Messages sent on update connection:
- update_front(q,m): during update, receiver pushes m to *front* of q
- update_done(q): during update, update of q is complete.

Updater:
- when updatee joins set iterator i = q.end()
- while i != q.begin(): --i; send update_front(q,*i) to updatee
- send update_done(q) to updatee

Updatee:
- q initially in locked state, can't dequeue locally.
- start processing replication events for q immediately (enqueue, dequeue, acquire etc.)
- receive update_front(q,m): q.push_front(m)
- receive update_done(q): q can be unlocked for local dequeing.

Benefits:
- Stall only for wiring update: updater & updatee can process multicast messages while messages are updated.
- No unbounded catch-up: update consists of at most N update_front() messages where N=q.size() at start of update.
- During update consumers actually help by removing messages before they need to be updated.
- Needs no separate "work to do" queue, only the broker queues themselves.

# TODO how can we recover from updater crashing before update complete?
# Clear queues that are not updated & send request for udpates on those queues?

# TODO updatee may receive a dequeue for a message it has not yet seen, needs
# to hold on to that so it can drop the message when it is seen.
# Similar problem exists for wiring?

** Cluster API

The new cluster API is similar to the MessageStore interface.
(Initially I thought it would be an extension of the MessageStore interface,
but as the design develops it seems better to make it a separate interface.)

The cluster interface captures these events:
- wiring changes: queue/exchange declare/bind
- message enqueued/acquired/released/rejected/dequeued.

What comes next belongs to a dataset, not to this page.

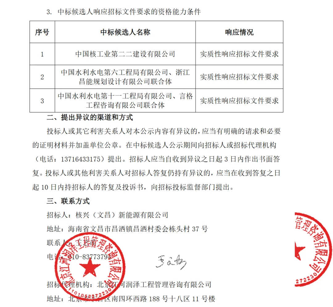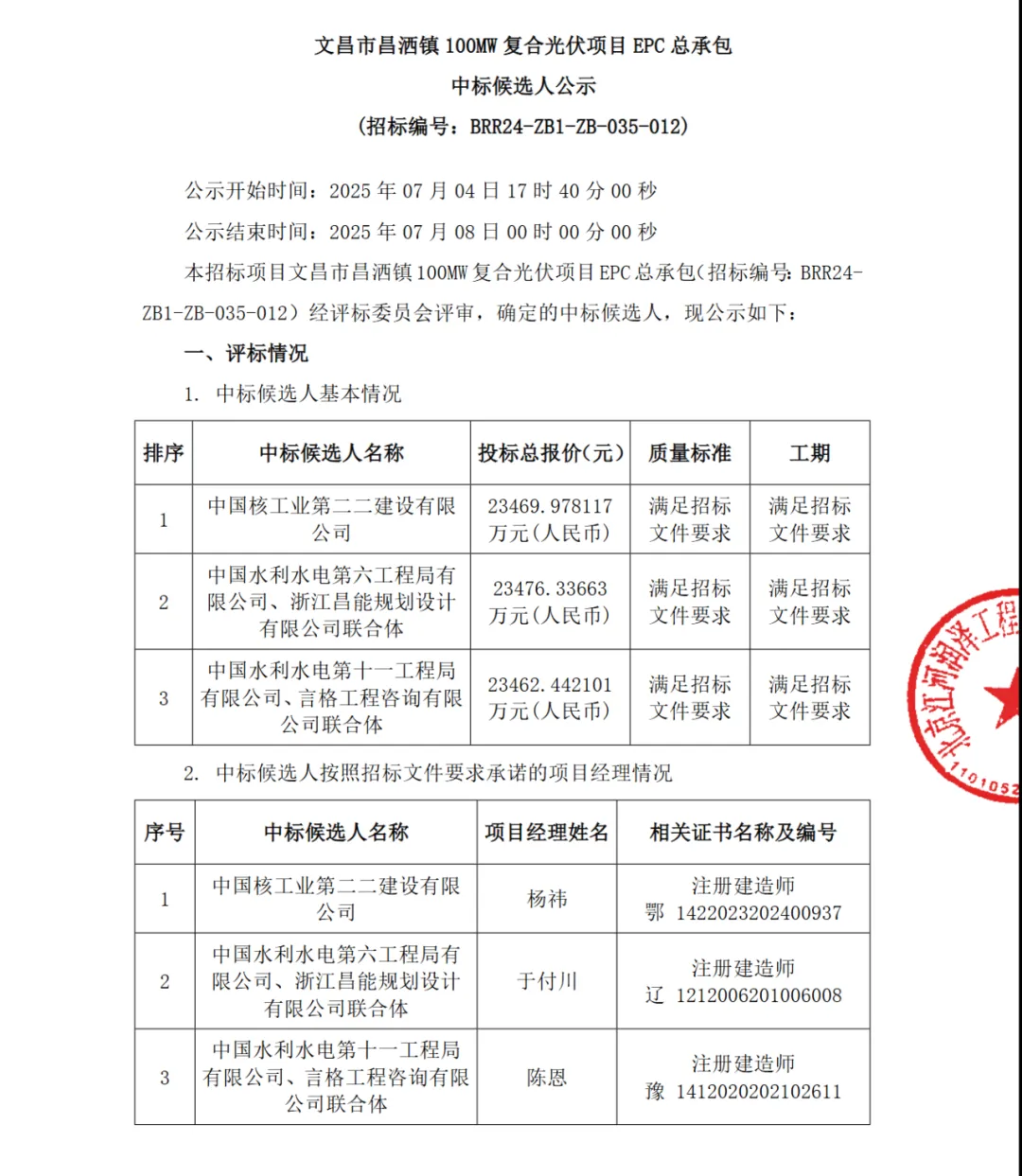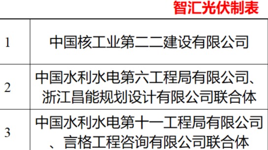 表:中核海南100MW光伏小EPC中标候选人情况

The cluster will require some extensions to the Queue:
- Queues can be "locked", locked queues are ignored by IO-driven output.
- Cluster must be able to apply queue events from the cluster to a queue.
  These appear to fit into existing queue operations.

** Maintainability

This design gives us more robust code with a clear and explicit interfaces.

The cluster depends on specific events clearly defined by an explicit
interface. Provided the semantics of this interface are not violated,
the cluster will not be broken by changes to broker code.

The cluster no longer requires identical processing of the entire
broker stack on each broker. It is not affected by the details of how
the broker allocates messages. It is independent of the
protocol-specific state of connections and sessions and so is
protected from future protocol changes (e.g. AMQP 1.0)

A number of specific ways the code will be simplified:
- drop code to replicate management model.
- drop timer workarounds for TTL, management, heartbeats.
- drop "cluster-safe assertions" in broker code.
- drop connections, sessions, management from cluster update.
- drop security workarounds: cluster code now operates after message decoding.
- drop connection tracking in cluster code.
- simper inconsistent-error handling code, no need to stall.

** Performance

The only way to verify the relative performance of the new design is
to prototype & profile. The following points suggest the new design
may scale/perform better:

Some work moved from virtual synchrony thread to connection threads:
- All connection/session logic moves to connection thread.
- Exchange routing logic moves to connection thread.
- On local broker dequeueing is done in connection thread
- Local broker dequeue is IO driven as for a standalone broker.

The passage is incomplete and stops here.